In the wake of the stark U.N. report, direct-action groups like Sunrise Movement and Extinction Rebellion are out to disrupt the fossil fuel economy.


A Sunrise Movement protester in San Francisco on Dec. 11, 2018. (Credit: Robert Raymond) Click to Enlarge.
On a clear and sunny morning in San Francisco’s downtown SoMa district, 40 people stand side by side with interlinked arms blocking the entrance to the San Francisco Federal Building.  Just a couple of weeks ago this city was shrouded in a suffocating blanket of wildfire smoke that had traveled down from giant blazes in the north.  But the haze has since cleared, and its absence has revealed a clarity of vision which stretches far beyond a healthier air quality index.

“I’m here today because we have a 12-year deadline,” Lydia Macy, 18, told HuffPost from behind a 40-foot banner that she was helping to hold up.  “Climate change is the No. 1 issue that we’re facing in the 21st century, and if we don’t fight we won’t have a world to live in.”

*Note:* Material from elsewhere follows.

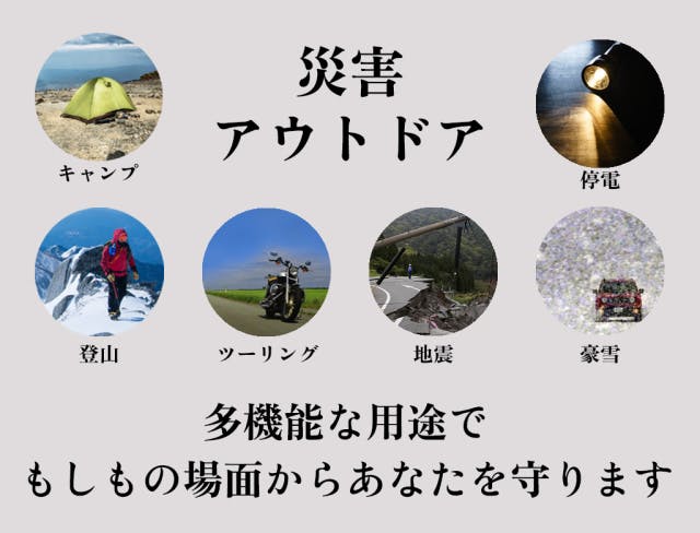 私自身、2018年9月に北海道の震度7の地震でブラックアウトを経験しました。電力がない不便な生活を5日過ごし改めて防災の大切さを実感しました。この地震が真冬に起こっていたかもしれないことを考えると自分を守るための備えとして高性能なサバイバルグッズを探し、この商品に出会いました。

A student at Berkeley High School, Macy was joined by hundreds of others in this action organized by the Bay Area chapter of Sunrise Movement — a youth-led organization with the mission to stop climate change and create millions of good jobs in the process.  Sunrise Movement’s most recent campaign has been focused on putting pressure on members of Congress to support Rep.-elect Alexandria Ocasio-Cortez (D-N.Y.) in pushing for a Green New Deal, a policy proposal aiming to ensure a just and rapid transition to a decarbonized economy.

Following a day of sit-ins and protests on Monday outside the Capitol Hill office of House Minority Leader Nancy Pelosi (D-Calif.) — which drew in thousands and saw more than 130 arrested — the action in San Francisco on Tuesday also targeted Pelosi, whose local district office was just on the other side of the demonstrators’ human barricade.